Non scorderò mai la sensazione di mangiare una zuppa bollente sotto il sole cocente della Thailandia.
Ho servito gli indiani in un Ashram condividendo le loro abitudini, i loro compiti e i loro pensieri. Durate il Navaratri, una festività lunga 9 giorni in cui è consentito mangiare una sola volta al giorno, in piatti di foglie, con le mani.
Per l’occasione io e altri ragazzi italiani abbiamo preparato i panzerotti, adattando gli ingredienti necessari alle materie prime locali e impastato il Puri: frittelle di pane senza lievito preparate con farina integrale.
Per quel pasto comune la gente arrivava dai villaggi che costeggiano il Gange, sulle montagne che confinano con il Nepal e aspettava pazientemente il proprio turno: prima i religiosi, poi i bambini, le donne e quindi gli uomini.
Anche le scimmie grigie partecipano al banchetto: scendevano dai pendii rocciosi aspettando fiduciose i nostri avanzi.

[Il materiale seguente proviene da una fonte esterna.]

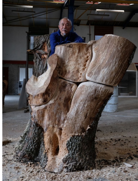
Wang Keping in his Vendée studio, 2019 © Aline Wang, Courtesy of the artist and the Galerie Nathalie Obadia, Paris and Brussels

His sculptures show strains of primitive art, Chinese traditional sculpture and also the work of Brancusi, but it is the sensuality of wood that his work conveys above all, an erotic dimension that from the carved, burned and polished surface forms a skin, an object of desire. In formal terms, his vocabulary prefers generous, ample shapes inherently expressing the material's generative force.

Se penso al Nepal e ai suoi sconfinati orizzonti mi torna alla mente il sapore dei Momo: deliziosi ravioli tradizionali e diffusissimi a base di verdura e di carne che ogni madre cucina a modo suo accompagnando il ripieno al montone, o al pollo o alle patate con le note piccanti o agrodolci delle salse e con i sentori di aglio e di zenzero, di cumino e coriandolo che riempiono la stanza durante la cottura al vapore.